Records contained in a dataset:
*-*-*
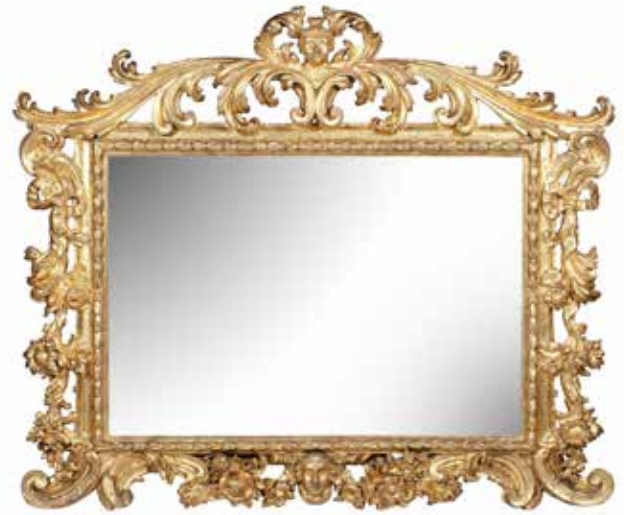
441 A LATE 19TH CENTURY GILTWOOD AND GESSO OVERMANTEL MIRROR The rectangular plate within a frame surmounted by a female mask and foliate scrolls, 170cm wide, 9cm deep, 153cm high (66 1/2in wide, 3 1/2in deep, 60in high). £1,000 - 1,500 €1,100 - 1,700
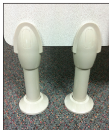
Height adjustable pedestals
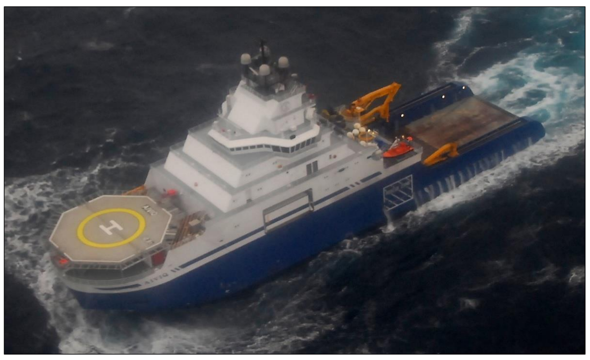
Figure A-8. Commercial Ship Aiviq
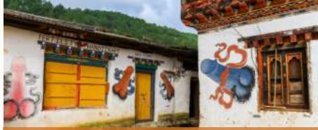
PUNAKHA, Phallus Paintings
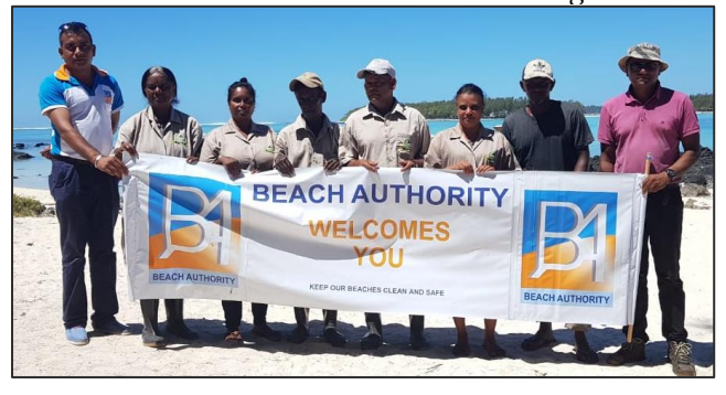
Personnel of Mauriclean Ltd
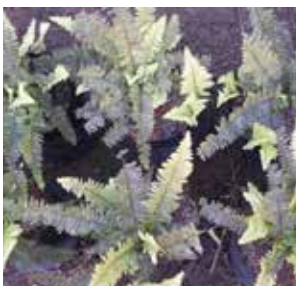
Sooty mould on intercrops

on the planting materials they carry by adopting strict quarantine measures including at domestic level.
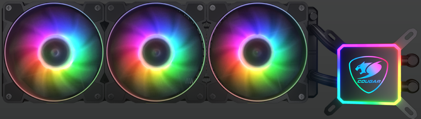
AQUA ARGB 360
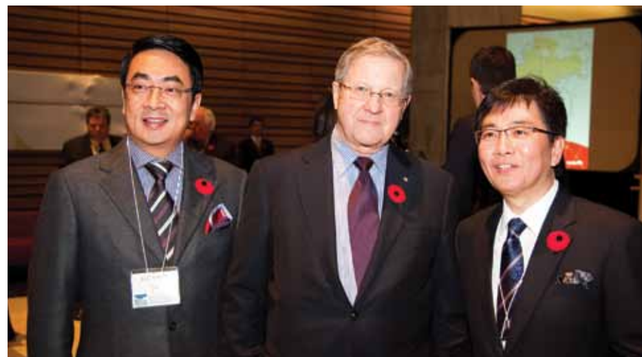
Dr. Lloyd Axworthy with members of the Chinese delegation
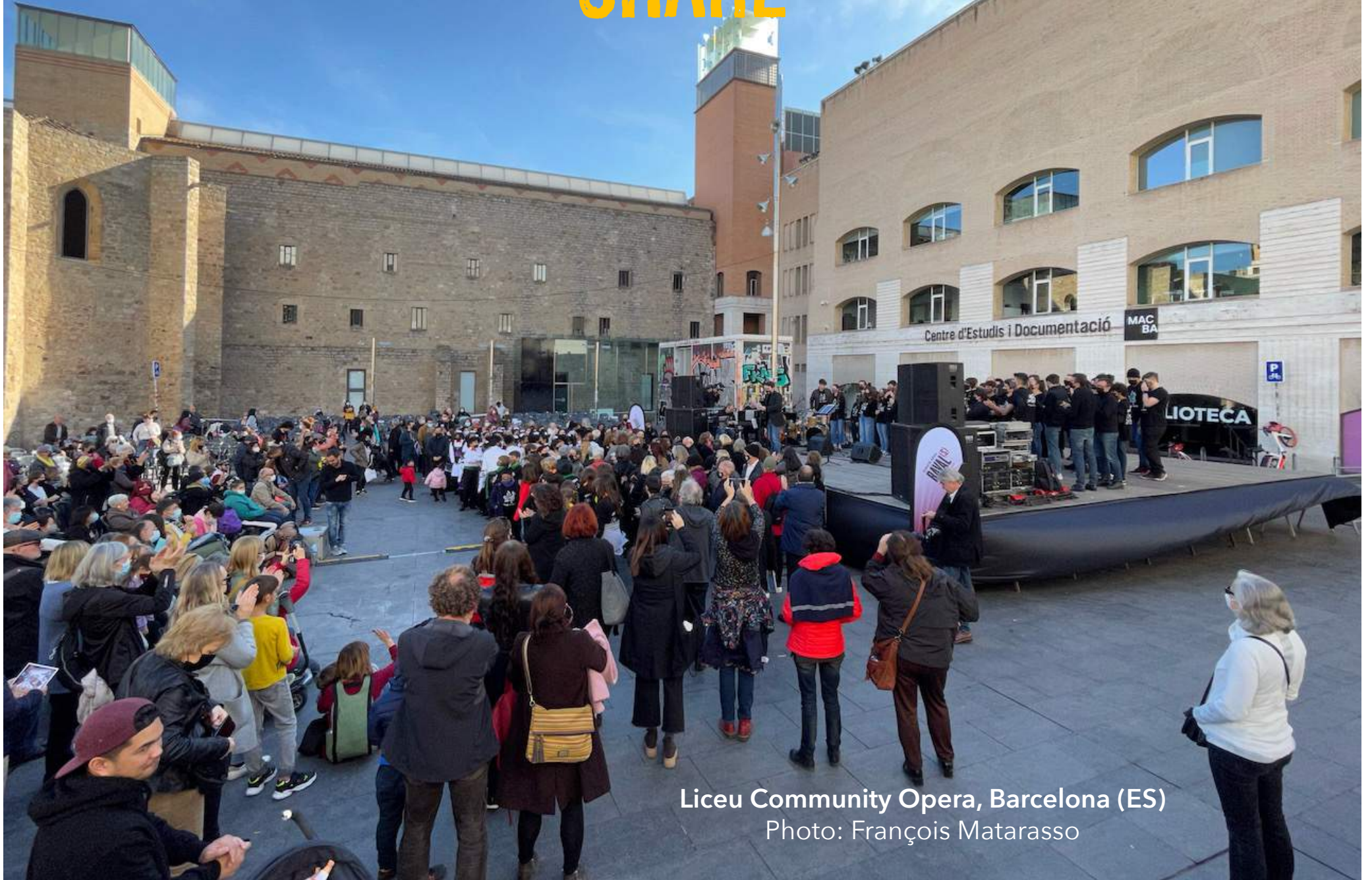
Liceu Community Opera, Barcelona (ES)
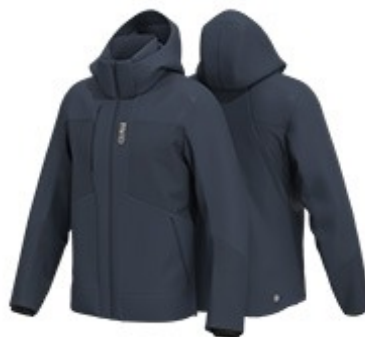
68 NAVY BLUE-NAVY BLUE
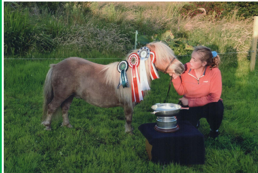
Miniture Shetland Gelding Glenfall Tickety Boo

Winner National Shetland Show in Lerwick
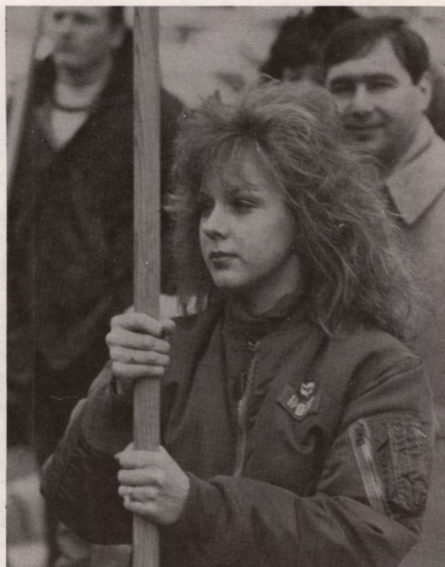
A lovely supporter of the Southern National Front.
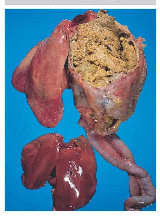
FIGURE 3*: Liver and intestine of normal (i.e. lower left) and age-matched bird with Cholangiohepatitis. In the affected liver, a distended bile duct has been incised to show the material causing enlargement.

A summary of factors thought to influence the occurrence of NE is provided in Table 1.
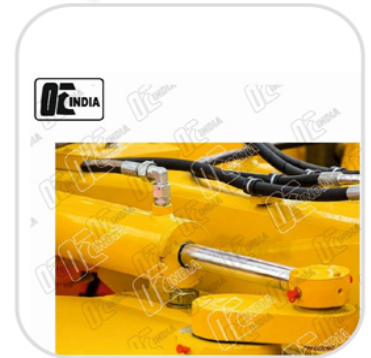
Heavy Duty Hydraulic Cylinder
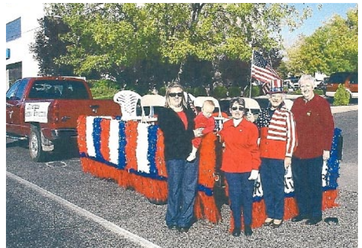
Color Country Chapter members take place in Veterans Day Parade.
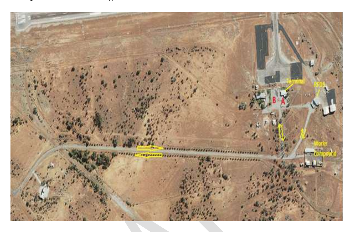
Figure D - Possible Traffic Flow (if required)
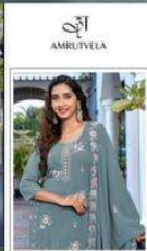
AMRUTVELA AW - 1023 C Top - Heavy for gangrene with heavy work Dupatta - Heavy for gangrene with embroidery work Bottom - Full saree
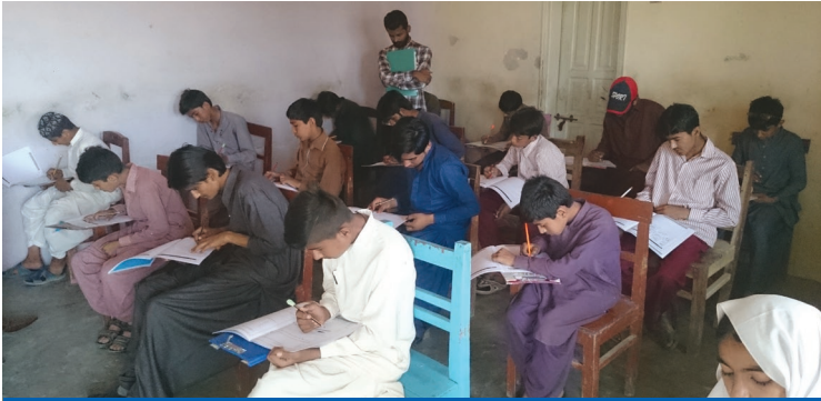
Assessment 2017 of grade III to VII of PPRS Phase I to IV
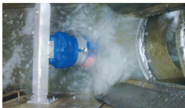
External screenings washing system (ERGA). A preceding washing system washes out the organic matter.
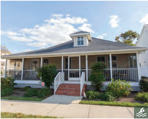
32 OLIVE AVENUE 6 Bedrooms | 3 Baths | Sleeps 16 Private Pool · Heated Spa · Screened Porch Rates: $1,800-$9,800/Week
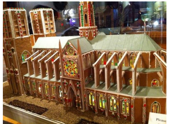
Duchess Bake Shop

Mad Hatters have already started on plans to create a large-scale replica of Eastgate Clock in Vegan Gingerbread with moving hands!
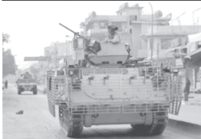
US armoured vehicles patrol a neighbourhood in central Baghdad, on 16 Dec, 2005.
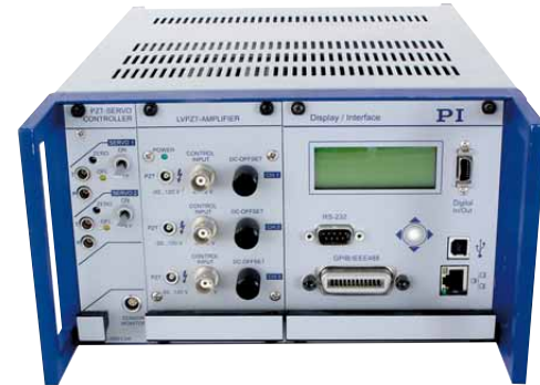
Configuration example: E-501 chassis with optional modules: E-503 piezo amplifier, E-509.C2A servo-controller for capacitive position sensors, E-517.i3 24-bit interface / display module
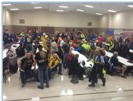
It was a full house in the Grand Hall.
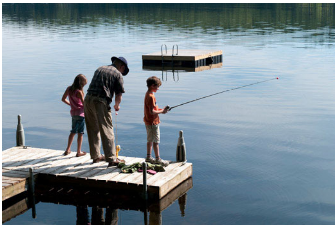
Introducing grandchildren to fishing
*-*-*
## [Try it]
All of the data, minus its pictures, should be repeated exactly.

## [Written solution]
441 A LATE 19TH CENTURY GILTWOOD AND GESSO OVERMANTEL MIRROR The rectangular plate within a frame surmounted by a female mask and foliate scrolls, 170cm wide, 9cm deep, 153cm high (66 1/2in wide, 3 1/2in deep, 60in high). £1,000 - 1,500 €1,100 - 1,700
Height adjustable pedestals
Figure A-8. Commercial Ship Aiviq
PUNAKHA, Phallus Paintings
Personnel of Mauriclean Ltd
Sooty mould on intercrops

on the planting materials they carry by adopting strict quarantine measures including at domestic level.
AQUA ARGB 360
Dr. Lloyd Axworthy with members of the Chinese delegation
Liceu Community Opera, Barcelona (ES)
68 NAVY BLUE-NAVY BLUE
Miniture Shetland Gelding Glenfall Tickety Boo

Winner National Shetland Show in Lerwick
A lovely supporter of the Southern National Front.
FIGURE 3*: Liver and intestine of normal (i.e. lower left) and age-matched bird with Cholangiohepatitis. In the affected liver, a distended bile duct has been incised to show the material causing enlargement.

A summary of factors thought to influence the occurrence of NE is provided in Table 1.
Heavy Duty Hydraulic Cylinder
Color Country Chapter members take place in Veterans Day Parade.
Figure D - Possible Traffic Flow (if required)
AMRUTVELA AW - 1023 C Top - Heavy for gangrene with heavy work Dupatta - Heavy for gangrene with embroidery work Bottom - Full saree
Assessment 2017 of grade III to VII of PPRS Phase I to IV
External screenings washing system (ERGA). A preceding washing system washes out the organic matter.
32 OLIVE AVENUE 6 Bedrooms | 3 Baths | Sleeps 16 Private Pool · Heated Spa · Screened Porch Rates: $1,800-$9,800/Week
Duchess Bake Shop

Mad Hatters have already started on plans to create a large-scale replica of Eastgate Clock in Vegan Gingerbread with moving hands!
US armoured vehicles patrol a neighbourhood in central Baghdad, on 16 Dec, 2005.
Configuration example: E-501 chassis with optional modules: E-503 piezo amplifier, E-509.C2A servo-controller for capacitive position sensors, E-517.i3 24-bit interface / display module
It was a full house in the Grand Hall.
Introducing grandchildren to fishing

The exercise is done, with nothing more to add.